GbpUsd Although the potential bullish flag pattern we pointed out yesterday was ruled out by a break lower (thankfully without first triggering our long entry), the lack of notable economic events at the start of this week has still kept GBPUSD confined to a mere 90 pip range thus far (between 1.5780 –1.5870). Bulls should be encouraged by last week’s close above the weekly cloud cover (which had contained GBPUSD for over 2 years), so we still expect any dips to be met with eager buyers. The 1.5745 pivot level acts as first support now, followed by 1.5600-15 (22 & 23 Sep lows as well as lower edge of current uptrend channel). Further supports clutter the downside at 1.5586 (50-day moving average), the major 1.5490 level which has acted as a reliable pivot since the end of August, and 1.5450 (the 15 Sep low). On the topside, the 10 Aug high at 1.5910 is buttressed by trendline resistance at 1.5940, but we believe that the key level of note is the 1.6000 barrier which should cap any rally on the first challenge.

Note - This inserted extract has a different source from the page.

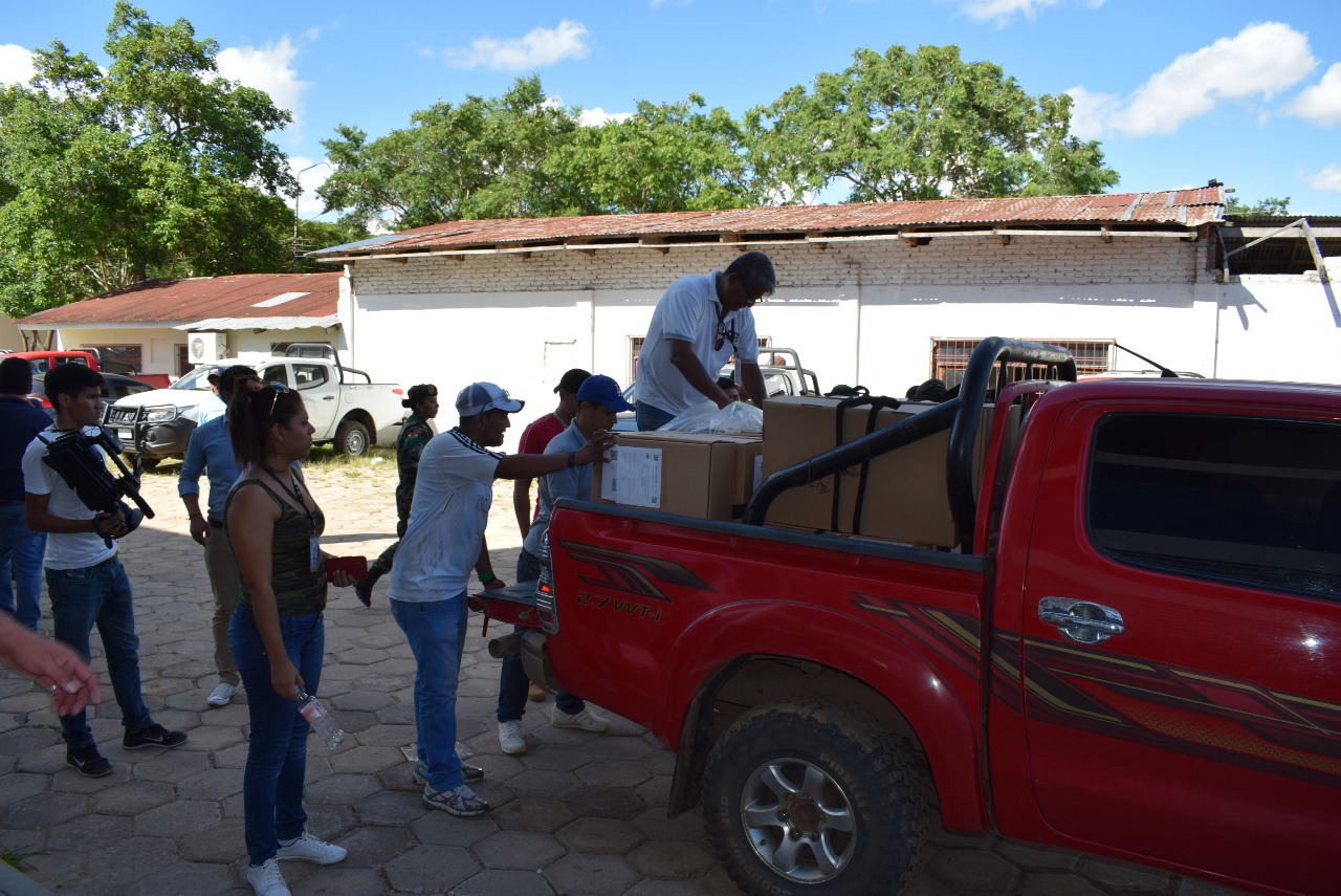 En Tarija, la distribución de las 1.670 maletas comenzó este jueves por la madrugada hacia la provincia Gran Chaco. Se prevé enviar este mismo material esta noche a Villa Montes, Yacuiba y Bermejo.

UsdJpy It’s as if USDJPY’s price action is magnetically sticking to the path carved out by the former 3-month downtrend line, with the bears continuing to weigh down on anaemic rallies, keeping the pair close to the lows of 84.11. The back side of the former 3-month downtrend channel (challenged a couple of times over the past week) is now 84.20 –but as we previously stated in yesterday’s report, the unrelenting downward pressure on USDJPY makes us skeptical it will hold out much longer, and so we expect another collapse to 82.87 (2010 low) in due course. Even if we are wrong and some force (most likely the BoJ) manages to propel the pair higher, expect 85.20-40 to act as a decent first resistance level, followed by 85.90 (ceiling of supply since mid-August), 86.50 (5 Aug high), 86.90, and 88.07.
UsdChf Not much change in USDCHF over the past 24 hours. The bearish triangle we are playing is still on course for our 0.9730 target (after hitting a low of 0.9780 in Friday), but in the very short term it looks like the bears are taking a break which has allowed the pair to recover back towards 0.9870-75 resistance. There is still the opportunity for a small inverse head and shoulders pattern to become activated on the hourly chart if we see a break above the neckline at 0.9875; should it be triggered, we would estimate a squeeze on shorts taking us to 0.9960 levels (calculated as the height of the “head” applied to the neckline). Rallies are no doubt going to struggle against fierce selling ahead of parity and we still feel that the downside offers the path of least resistance, so we would add to shorts up towards 1.0000 where our position would then be protected by resistance at 1.0120 (20 Sep high), 1.0185 (17 Sep ceiling), then 1.0278 (10 Sep high) and 1.0340 (last seen on 24 Aug).